But it was still order 4 when booted with slub_debug=O, which surprised me.
And that surprises you too?  If so, then we ought to dig into it further.

> 
> Why are the slab allocators used to create slab caches for large object
> sizes?

There may be more optimal ways to allocate, but I expect that when
the ppc guys are writing the code to handle both 4k and 64k page sizes,
kmem caches offer the best span of possibility without complication.

> 
> > Relying on order:3 or order:4 allocations is just too optimistic: ppc64
> > with 4k pages would do better not to expect to support a 128TB userspace.
> 
> I thought you had these huge 64k page sizes?

ppc64 does support 64k page sizes, and they've been the default for years;
but since 4k pages are still supported, I choose to use those (I doubt
I could ever get the same load going with 64k pages).

Hugh

Mathieu Malaterre May 31, 2017, 7:02 p.m.
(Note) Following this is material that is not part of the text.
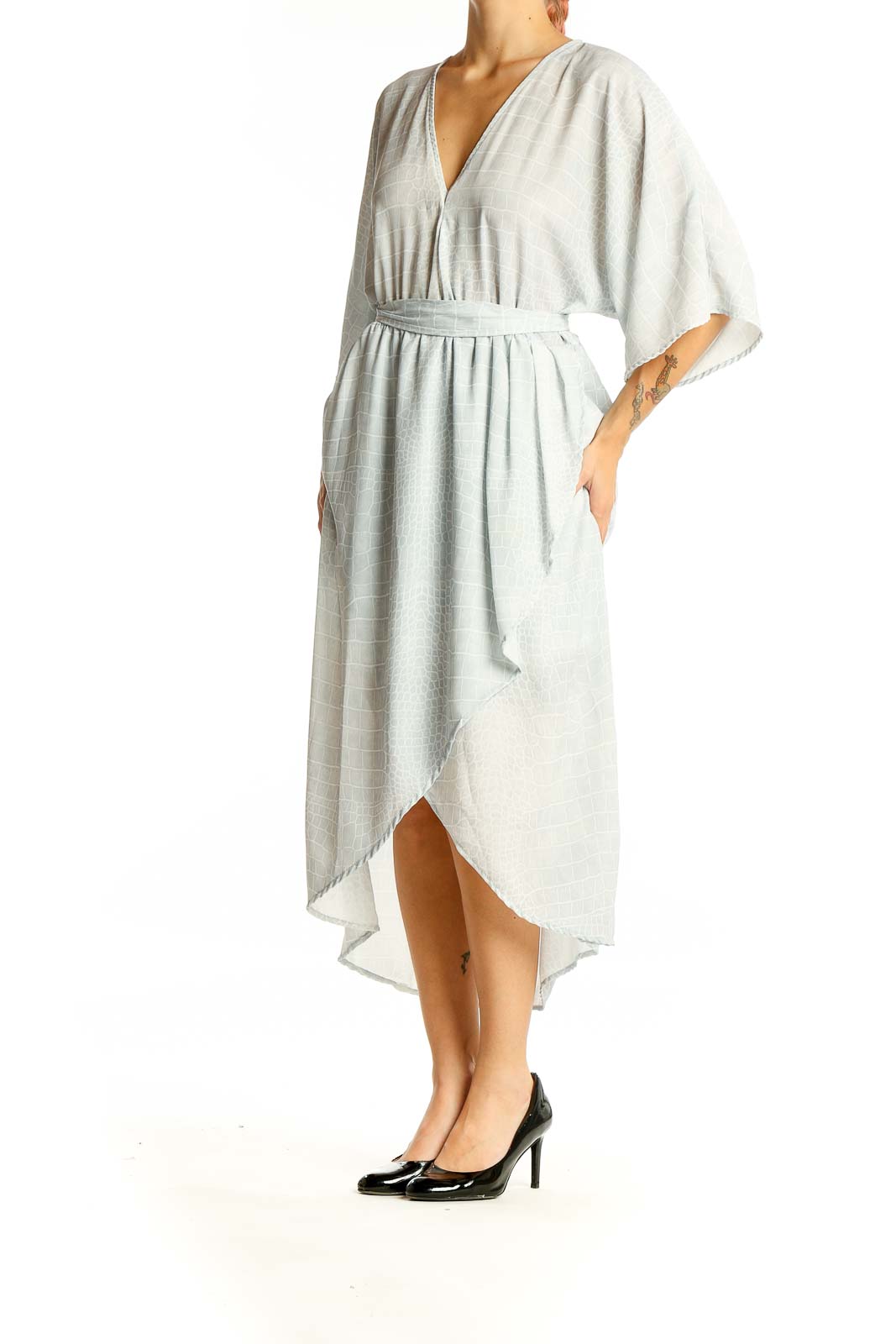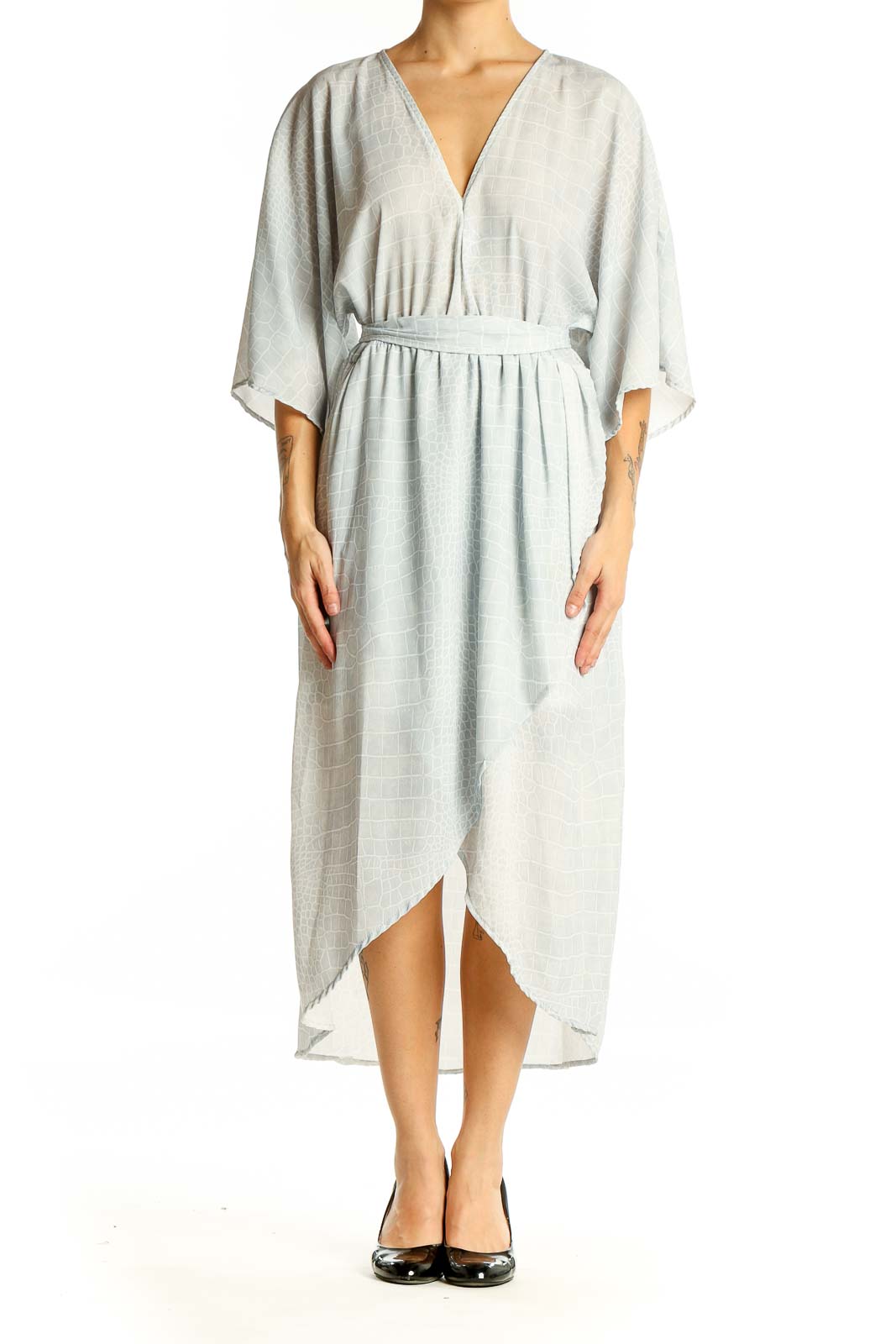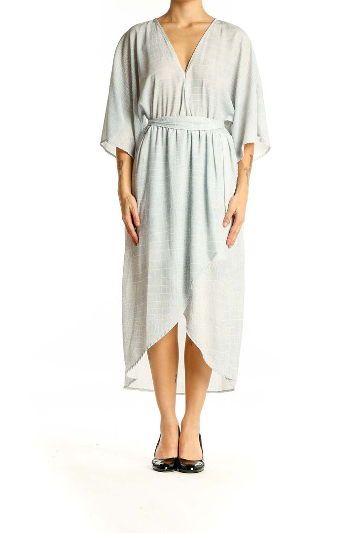 Elevate your wardrobe with this stunning light gray wrap midi dress from Peach Love California. This versatile piece features a flattering V-neckline and a wrap-style silhouette that cinches at the waist, creating an elegant and feminine look. The flowy kimono-style sleeves add a touch of bohemian charm, perfect for both casual outings and dressier occasions.
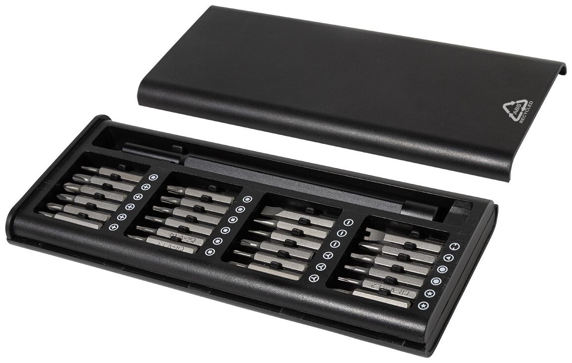 Sada přesných šroubováků s 24 bity v pouzdře z recyklovaného ABS plastu. Rukojeť šroubováku je vybavena magnetickým uchycením bitů pro rychlou a bezpečnou výměnu bitů.

UTC | #5

On Wed, May 31, 2017 at 8:44 PM, Hugh Dickins <hughd@google.com> wrote:
> [ Merging two mails into one response ]
>
> On Wed, 31 May 2017, Christoph Lameter wrote:
>> On Tue, 30 May 2017, Hugh Dickins wrote:
>> > SLUB: Unable to allocate memory on node -1, gfp=0x14000c0(GFP_KERNEL)
>> >   cache: pgtable-2^12, object size: 32768, buffer size: 65536, default order: 4, min order: 4
>> >   pgtable-2^12 debugging increased min order, use slub_debug=O to disable.
>>
>> > I did try booting with slub_debug=O as the message suggested, but that
>> > made no difference: it still hoped for but failed on order:4 allocations.
>>
>> I am curious as to what is going on there. Do you have the output from
>> these failed allocations?
>
> I thought the relevant output was in my mail.  I did skip the Mem-Info
> dump, since that just seemed noise in this case: we know memory can get
> fragmented.  What more output are you looking for?
>
>>
>> > I wanted to try removing CONFIG_SLUB_DEBUG, but didn't succeed in that:
>> > it seemed to be a hard requirement for something, but I didn't find what.
>>
>> CONFIG_SLUB_DEBUG does not enable debugging. It only includes the code to
>> be able to enable it at runtime.
>
> Yes, I thought so.
>
>>
>> > I did try CONFIG_SLAB=y instead of SLUB: that lowers these allocations to
>> > the expected order:3, which then results in OOM-killing rather than direct
>> > allocation failure, because of the PAGE_ALLOC_COSTLY_ORDER 3 cutoff.  But
>> > makes no real difference to the outcome: swapping loads still abort early.
>>
>> SLAB uses order 3 and SLUB order 4??? That needs to be tracked down.
>>
>> Ahh. Ok debugging increased the object size to an order 4. This should be
>> order 3 without debugging.
>
> But it was still order 4 when booted with slub_debug=O, which surprised me.
> And that surprises you too?  If so, then we ought to dig into it further.
>
>>
>> Why are the slab allocators used to create slab caches for large object
>> sizes?
>
> There may be more optimal ways to allocate, but I expect that when
> the ppc guys are writing the code to handle both 4k and 64k page sizes,
> kmem caches offer the best span of possibility without complication.
>
>>
>> > Relying on order:3 or order:4 allocations is just too optimistic: ppc64
>> > with 4k pages would do better not to expect to support a 128TB userspace.
>>
>> I thought you had these huge 64k page sizes?
>
> ppc64 does support 64k page sizes, and they've been the default for years;
> but since 4k pages are still supported, I choose to use those (I doubt
> I could ever get the same load going with 64k pages).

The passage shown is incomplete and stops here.